Two Dozen Days to Go

Andy Goldblatt
3 min readOct 9, 2020

With just 24 days to the presidential election, Joe Biden has opened an almost ten-point lead in national polls. That’s a wider lead than Hillary Clinton had at the same point in 2016. Not that it matters. Our eighteenth-century process makes election for president not one unified referendum, but 51 separate state contests (including the District of Columbia), and what counts is who receives at least 270 votes from the Electoral College on December 14. To reach 270, Biden needs to hold all the states Clinton won and reclaim three that Trump won by a collective 77,000 votes: Pennsylvania, Michigan, and Wisconsin. How’s that looking?

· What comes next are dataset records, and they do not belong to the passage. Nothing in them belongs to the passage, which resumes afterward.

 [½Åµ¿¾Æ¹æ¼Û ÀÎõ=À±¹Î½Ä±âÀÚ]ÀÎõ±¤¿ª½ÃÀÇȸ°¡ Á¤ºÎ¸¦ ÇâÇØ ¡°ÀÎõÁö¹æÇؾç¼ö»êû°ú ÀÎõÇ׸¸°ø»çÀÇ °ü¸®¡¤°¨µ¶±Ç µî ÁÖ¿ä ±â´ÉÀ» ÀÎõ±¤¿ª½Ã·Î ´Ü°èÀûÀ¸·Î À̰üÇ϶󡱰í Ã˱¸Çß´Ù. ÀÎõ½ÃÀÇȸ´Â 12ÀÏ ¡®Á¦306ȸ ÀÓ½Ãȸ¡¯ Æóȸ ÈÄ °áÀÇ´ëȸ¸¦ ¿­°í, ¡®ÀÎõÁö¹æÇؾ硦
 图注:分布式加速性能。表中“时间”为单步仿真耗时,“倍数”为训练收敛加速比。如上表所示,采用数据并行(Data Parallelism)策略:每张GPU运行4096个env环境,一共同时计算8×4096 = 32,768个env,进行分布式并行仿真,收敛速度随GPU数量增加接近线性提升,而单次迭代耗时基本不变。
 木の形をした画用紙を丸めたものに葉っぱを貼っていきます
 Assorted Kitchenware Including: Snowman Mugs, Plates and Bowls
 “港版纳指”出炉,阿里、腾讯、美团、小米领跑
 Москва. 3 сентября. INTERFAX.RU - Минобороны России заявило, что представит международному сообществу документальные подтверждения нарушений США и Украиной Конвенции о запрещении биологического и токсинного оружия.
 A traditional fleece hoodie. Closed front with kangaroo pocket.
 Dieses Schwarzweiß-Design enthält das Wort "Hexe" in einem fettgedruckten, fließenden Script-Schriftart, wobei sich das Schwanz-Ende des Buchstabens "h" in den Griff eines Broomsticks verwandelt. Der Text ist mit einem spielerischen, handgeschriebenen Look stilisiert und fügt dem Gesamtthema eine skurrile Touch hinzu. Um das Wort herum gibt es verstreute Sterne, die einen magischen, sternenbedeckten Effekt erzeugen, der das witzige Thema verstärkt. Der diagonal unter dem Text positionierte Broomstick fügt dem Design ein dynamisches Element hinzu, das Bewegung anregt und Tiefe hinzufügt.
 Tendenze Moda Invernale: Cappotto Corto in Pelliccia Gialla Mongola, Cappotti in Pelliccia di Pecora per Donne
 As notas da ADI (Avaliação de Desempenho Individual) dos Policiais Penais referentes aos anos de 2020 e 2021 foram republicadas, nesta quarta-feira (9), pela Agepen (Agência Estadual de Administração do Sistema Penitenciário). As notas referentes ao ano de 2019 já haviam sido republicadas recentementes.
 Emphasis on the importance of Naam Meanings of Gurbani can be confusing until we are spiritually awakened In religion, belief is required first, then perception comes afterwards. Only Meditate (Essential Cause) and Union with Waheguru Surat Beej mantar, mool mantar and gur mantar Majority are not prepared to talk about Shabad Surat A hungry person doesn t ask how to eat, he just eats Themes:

The California 2020 mail-in ballot.

Good news on job one: Biden is likely to win all the states Clinton won in 2016. According to FiveThirtyEight, the weakest link is New Hampshire, which as of this morning is 83% likely to vote for Biden. FiveThirtyEight puts Trump’s probability of winning any state that went Democratic in 2016 at just 29%.

Good news on job two also: Biden is ahead by much more than the polling margin of error in Pennsylvania (7.1%), Michigan (8.4%), and Wisconsin (7.1%). FiveThirtyEight gives Biden a 91% likelihood of winning Michigan, an 86% likelihood of winning Pennsylvania, and an 84% likelihood of winning Wisconsin.

FiveThirtyEight gives Biden an 85% likelihood of winning the Electoral College.

But what if the polls are getting it completely wrong somewhere, say Nevada or Minnesota?

In the purple states, Trump’s damning tax returns, rancid debate performance, COVID-19 diagnosis, and dexametha-mania seem to be working against him. (The phenomenon has gained a name: Trump Fatigue.) Biden is 70% likely to take Florida, worth 29 electoral votes. Also leaning Biden’s way are Arizona (11 electoral votes) and North Carolina (15 electoral votes). And Ohio, with 18 electoral votes, has become a toss-up. For Biden, a win in any of these states would be insurance against a surprise loss elsewhere; Trump, on the other hand, needs to win them all.

So even after accounting for potentially significant polling errors, Biden looks like the winner — on Election Day.

After Election Day, maybe not. The specifics will vary, but most scenarios boil down to this: Trump will claim voting irregularities in states that swing to Biden via mail-in ballots tabulated after Election Night; those states’ legislatures, secretaries of state, or governors will appoint a rival, pro-Trump delegation to the Electoral College; and the courts (many of which have Republican majorities) will determine which delegations are official. If Trump’s challenges aren’t resolved by December 14, the disputes will go to the House of Representatives, where each state, no matter how many representatives in its delegation, gets just one vote — and most state delegations have a Republican majority.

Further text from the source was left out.